Berhubung informasi tentang Islamic Center sangat terbatas, penulis akan mengulas terlebih dahulu tentang ini, baru setelahnya yang lainnya, yang memiliki informasi lebih banyak. Pemimpin Islamic Center adalah seseorang yang bernama Reza, dia belajar tentang Islam selama berbulan-bulan di Universitas Qom, Iran.
Sekretariat Islamic Center bernama Fatima Zahra Center, diambil dari nama putri Nabi Muhammad SAW dan istrinya Khadijah RA. Para penganut Syiah Kuba biasa salat dan mempelajari Alquran di sini. Di sana terdapat foto pemimpin revolusi Iran, Ayatollah Ruhollah Khomeini.
Ketika ditanya tentang bagaimana arah organisasinya di Kuba, Reza menjelaskan, “Yang paling penting adalah melibatkan para intelektual Islam untuk membimbing kita.” Dia menambahkan, “Dengan semua yang terjadi di dunia saat ini, kita harus menjaga integritas Islam di Kuba. Kita tidak bisa membiarkannya diserang oleh para ekstremis yang tidak ada hubungannya dengan agama yang telah saya temukan dan cintai.”[1]

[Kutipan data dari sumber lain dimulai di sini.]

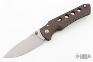 This Scout from Jason Guthrie features a hand rub satin finish Harpoon Drop Point blade with single thumb stud and notched thumbrest. The handle is comprised of Copper Lava carbon fiber scales, titanium inlaid lockbar, barrel spacers, and titanium tip up pocket clip. Comes with zipper case, and COA dated 1 NOV 2023. New from Maker.
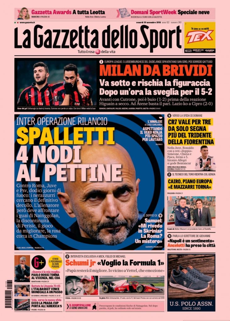 Queste le prime pagine dei principali quotidiani sportivi in edicola oggi
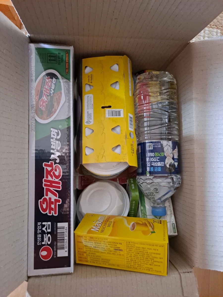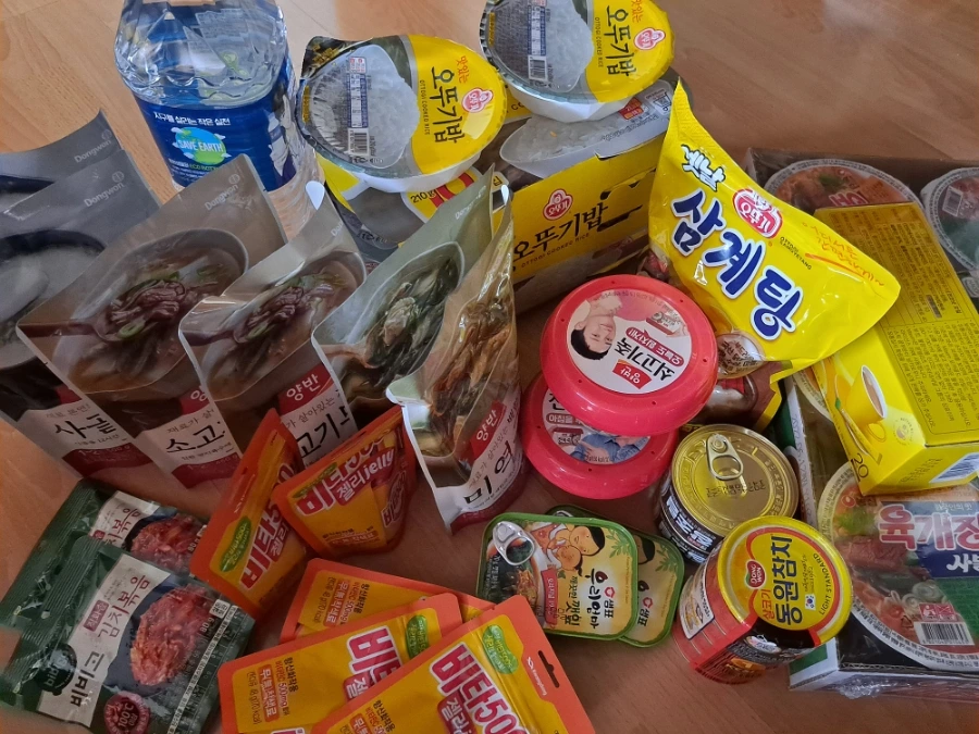 어제 재택치료 확진자를 위한 음식 꾸러미도 왔다. 코로나 시대 늘 그랬듯 비대면으로 문 앞에 놓고 갔다. 제법 크고 무거운 상자라 혼자 집안으로 끄집어들이느라 낑낑대야 했다. 가짓수가 상당했는데 나열해 적어 본다.

Berbeda dengan yang sering digambarkan oleh media, pemimpin ketiga organisasi ini, meskipun berbeda haluan, menyatakan bahwa Suni dan Syiah di Kuba hidup berdampingan dengan damai, terlepas apapun perbedaan pandangan di antara mereka.
Pedro Lazo Torres, atau Imam Yahya, Presiden LIC, mengatakan, “Ada Syiah dan Suni dalam komunitas Islam kami, dan kami berdiri dalam satu titik untuk menghormati semua yang memiliki pemikiran berbeda, tidak peduli apapun keyakinan mereka, atau bahkan jika mereka Kristen atau Yahudi.”[2]
Zakina, adalah seorang Muslim Syiah, dia masuk Islam pada tahun 2011, sebelumnya dia bernama asli Rosa. Pada awalnya dia belajar Islam sendiri karena di Kuba sulit ditemukan ulama. Pada saat yang bersamaan, karena akses yang terbatas ke Internet di negara Komunis yang tertutup, informasi tentang Islam biasanya hanya didapatkan melalui cerita dari mulut ke mulut, atau melalui kisah-kisah dari orang-orang yang telah melakukan perjalanan ke negara Muslim.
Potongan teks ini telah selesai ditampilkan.